WHAT IS BEING ASKED
Find the line containing "vidaXL レイズドガーデンプランター 240x80x81cm". Retype it and every later line of the records exactly, leaving out pictures.

RECORDS SUPPLIED
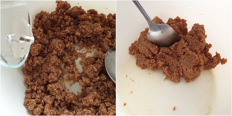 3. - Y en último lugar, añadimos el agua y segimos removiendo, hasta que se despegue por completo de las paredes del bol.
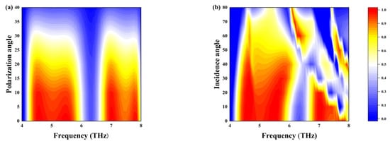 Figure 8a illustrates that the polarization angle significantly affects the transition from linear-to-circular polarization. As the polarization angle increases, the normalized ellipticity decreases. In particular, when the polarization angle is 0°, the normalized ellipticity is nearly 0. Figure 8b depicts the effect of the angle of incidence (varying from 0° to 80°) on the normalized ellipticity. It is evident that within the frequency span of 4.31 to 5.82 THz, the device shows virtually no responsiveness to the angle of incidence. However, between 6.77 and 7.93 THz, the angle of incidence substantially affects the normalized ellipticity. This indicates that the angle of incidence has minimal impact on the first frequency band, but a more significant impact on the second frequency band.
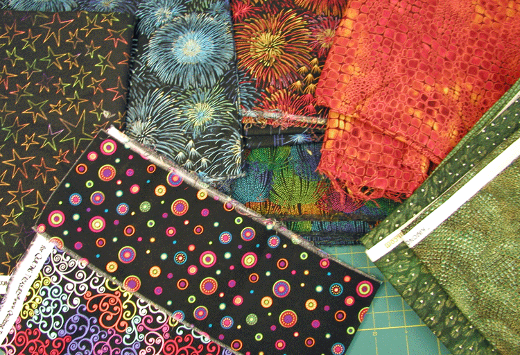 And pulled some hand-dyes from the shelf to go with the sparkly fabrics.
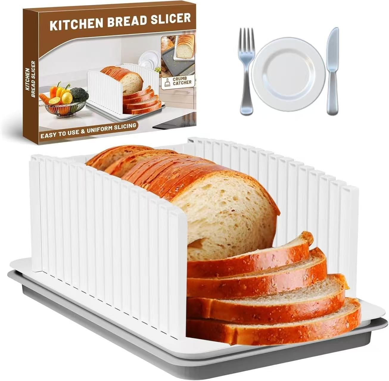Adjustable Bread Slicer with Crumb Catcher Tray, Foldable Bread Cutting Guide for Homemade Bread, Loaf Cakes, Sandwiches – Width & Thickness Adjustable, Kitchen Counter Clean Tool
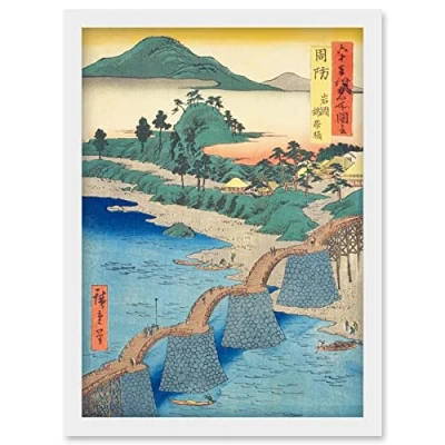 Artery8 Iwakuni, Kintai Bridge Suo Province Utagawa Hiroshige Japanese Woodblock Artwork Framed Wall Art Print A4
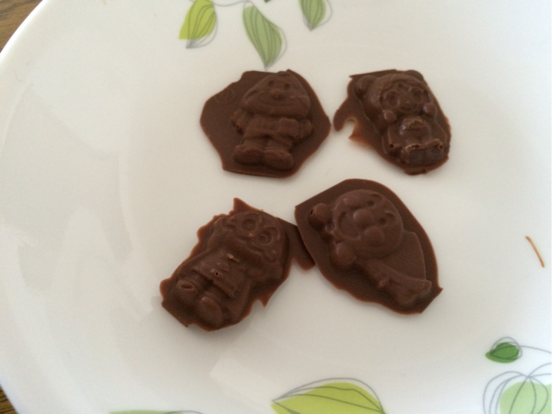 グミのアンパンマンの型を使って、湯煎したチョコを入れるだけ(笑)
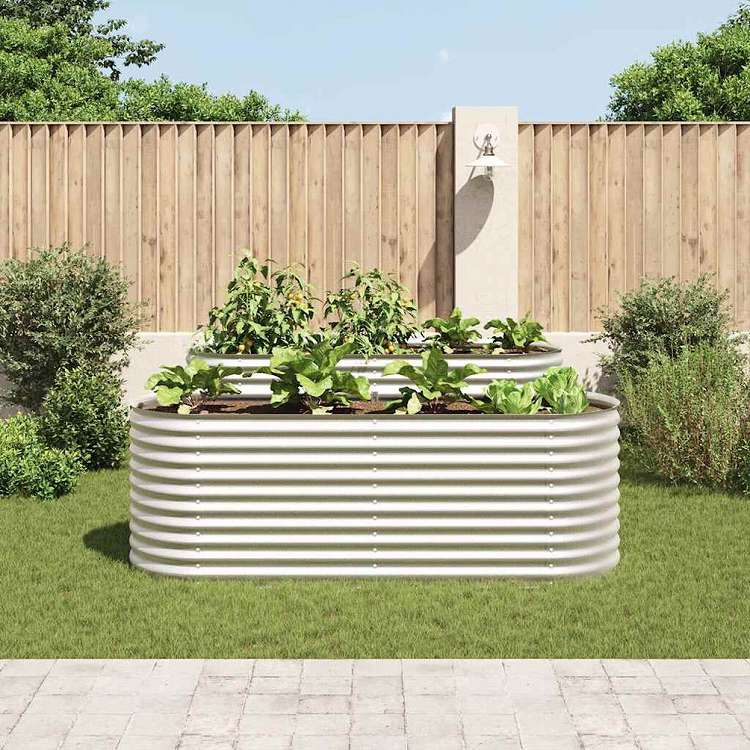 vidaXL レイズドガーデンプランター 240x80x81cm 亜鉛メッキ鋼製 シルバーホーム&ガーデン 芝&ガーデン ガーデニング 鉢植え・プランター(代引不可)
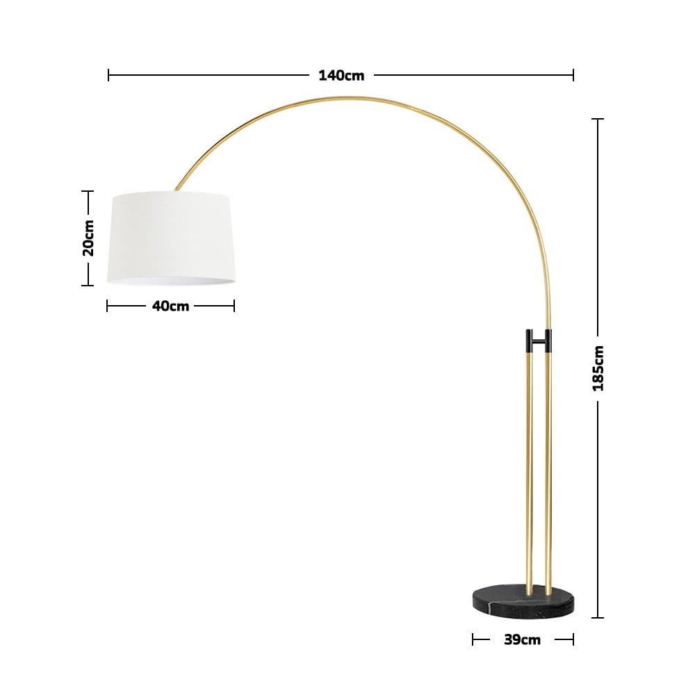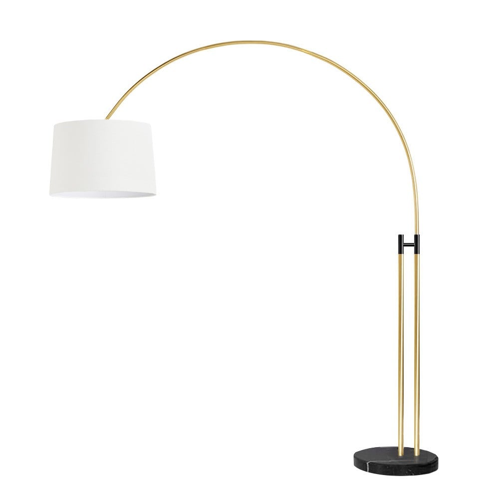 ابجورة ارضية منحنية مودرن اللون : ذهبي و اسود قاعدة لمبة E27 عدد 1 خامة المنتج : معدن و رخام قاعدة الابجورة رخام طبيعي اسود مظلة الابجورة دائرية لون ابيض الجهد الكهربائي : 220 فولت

ANSWER AREA
 vidaXL レイズドガーデンプランター 240x80x81cm 亜鉛メッキ鋼製 シルバーホーム&ガーデン 芝&ガーデン ガーデニング 鉢植え・プランター(代引不可)
 ابجورة ارضية منحنية مودرن اللون : ذهبي و اسود قاعدة لمبة E27 عدد 1 خامة المنتج : معدن و رخام قاعدة الابجورة رخام طبيعي اسود مظلة الابجورة دائرية لون ابيض الجهد الكهربائي : 220 فولت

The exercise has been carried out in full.